**INFORMATION PROVIDED**
┏━━

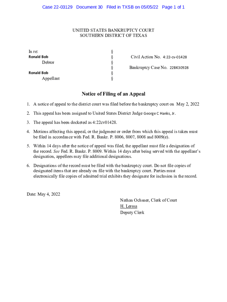 Case 2203129 Document 30 Filed in TSB on 05/05/22-Page 1 of 1UNITED STATES BANKRUPTCY COURT SOUTHERN DISTRICT OF TEXAS In re:Ronald BobDebtorRonald Appellant Civil Action No. 4:22cv01428 Bankruptcy
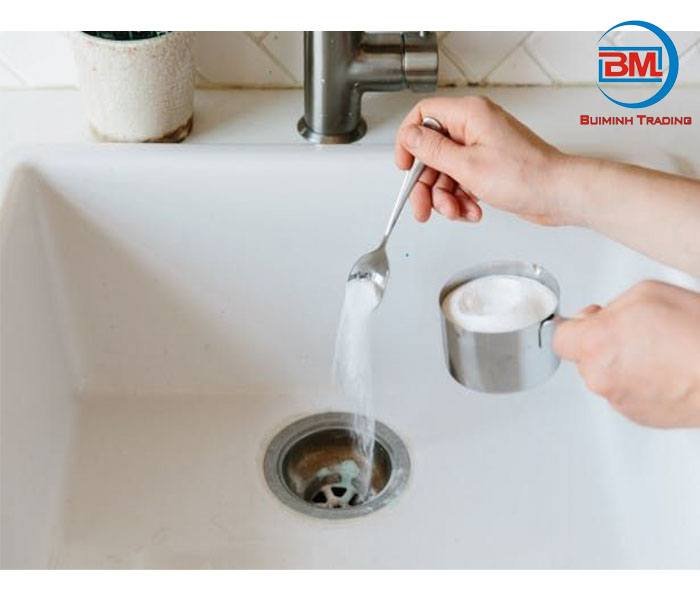 - Đổ baking soda vào ống thoát bằng qua miệng cống
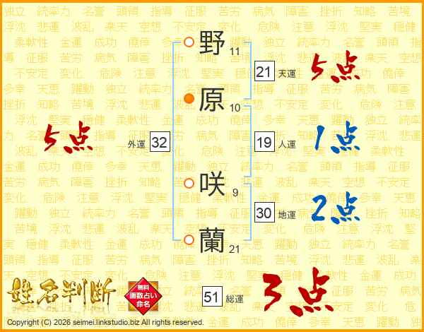 野原咲蘭さんの総運は51画の3点!
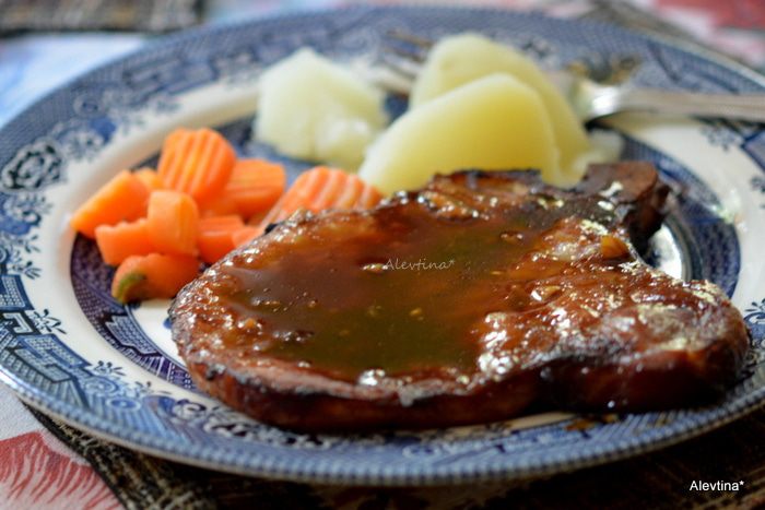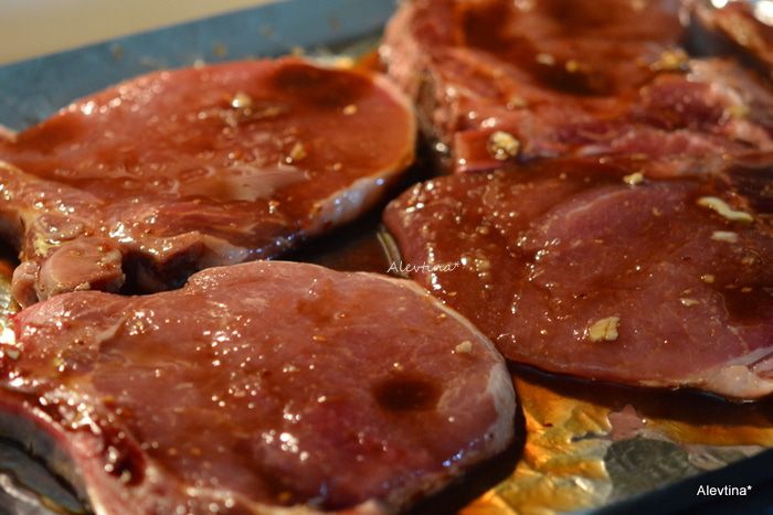 Готовим свиные отбивные после маринования на разогретом гриле или в духовке на противне (200С 40 мин.)

┗━━

Take the lines from the one containing "野原咲蘭さんの総運は51画の3点!" through the final line of the listing above and print them exactly, including both ends but no pictures.

 野原咲蘭さんの総運は51画の3点!
 Готовим свиные отбивные после маринования на разогретом гриле или в духовке на противне (200С 40 мин.)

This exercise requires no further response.